Chaque année, les deux régimes prétendent honorer la mémoire des victimes algériennes jetées dans la Seine par la police française. Et chaque année, ils échouent à affronter la vérité.
En France, la reconnaissance reste partielle, soigneusement calibrée pour ne pas ouvrir la voie à la justice. Emmanuel Macron a parlé de « crimes inexcusables », sans jamais prononcer les mots « crime d’État ». Les archives, théoriquement accessibles depuis 2021, demeurent verrouillées par des procédures administratives et des lenteurs bureaucratiques. Les chiffres des victimes restent incertains parce que l’État français refuse toujours une enquête indépendante. Tant que Paris ne lèvera pas tous les verrous de ses archives et ne permettra pas un examen judiciaire complet, le 17 octobre 1961 restera un crime couvert d’un vernis mémoriel.
De l’autre côté de la Méditerranée, le pouvoir algérien instrumentalise la mémoire sans jamais la servir. Il organise des cérémonies, mais garde lui aussi ses archives sous clé. Les chercheurs indépendants y sont empêchés d’enquêter librement. Le régime préfère utiliser le souvenir du 17 octobre pour alimenter un discours victimaire et détourner l’attention de sa propre absence de transparence sur l’histoire nationale. Commémorer sans ouvrir les archives, c’est perpétuer le silence qu’on prétend briser.
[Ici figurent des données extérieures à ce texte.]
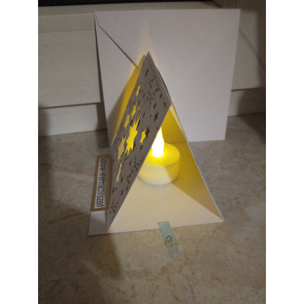 Wenn in die aufgestellte Karte ein elektrisches Teelicht gestellt wird, leuchten die Sterne

Cette année, la contradiction a pris une tournure absurde. Un sit-in revendicatif pacifique, organisé par le collectif Libérons l’Algérie pour exiger l’ouverture des archives et la vérité complète sur les événements du 17 octobre, a été interdit au pont Saint-Michel — lieu même du massacre — alors que des cérémonies officielles et folkloriques y étaient autorisées. Le préfet de police a justifié son interdiction par un improbable « risque de chute dans la Seine », selon l’ordonnance du tribunal administratif de Paris du 17 octobre 2025.
Pendant que les uns déposaient des gerbes sous protection, d’autres étaient écartés au nom de la sécurité. Ce contraste illustre parfaitement la politique mémorielle française : commémorer les morts, mais empêcher les vivants de parler d’eux.
Les deux États pratiquent la même stratégie : une mémoire sous contrôle, sans vérité ni justice. Tant que la France craindra la reconnaissance pleine et que l’Algérie refusera la transparence, la Seine restera un cimetière sans noms, et la mémoire du 17 octobre un instrument politique, pas un devoir d’histoire.